- Born: Lathan Williams 1975 (age 50–51) Vallejo, California, U.S.
- Genres: West Coast hip hop, Gangsta rap
- Occupation: Rapper
- Years active: 1994–2004

= Young Lay =

American rapper

Lathan Williams (born 1975 in Vallejo, California), better known by his stage name Young Lay, is a San Francisco Bay Area-based gangsta rapper.

He has worked with artists such as label mate Ray Luv, Tupac Shakur and Mac Dre.

Young Lay was becoming popular when a 1995 attempt was made on his life when he was shot in the head while stopped at a Vallejo traffic light as a passenger in a friend's car. Although critically injured, Young Lay survived and went on to resume rapping after extensive therapy for brain damage in which he had to learn to speak again.

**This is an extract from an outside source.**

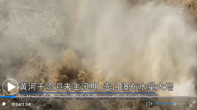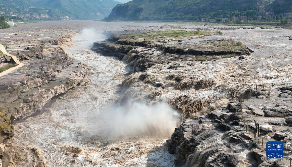 受近期上游降雨增多和萬家寨水庫(kù)調(diào)節(jié)放水影響,黃河干流進(jìn)入主汛期,位于晉陜兩省交界的黃河壺口瀑布水量大增。

On May 17, 1996, Young Lay's infant son Le-Zhan Williams was kidnapped when two teenage girls entered the home of Daphne Boyden, the rapper's 17-year-old girlfriend and mother to his newborn son, killed her, abducted the infant, and set the home on fire in an attempt to cover up the crime. The case went unsolved for 6 years, and was featured on the television shows America's Most Wanted and Unsolved Mysteries.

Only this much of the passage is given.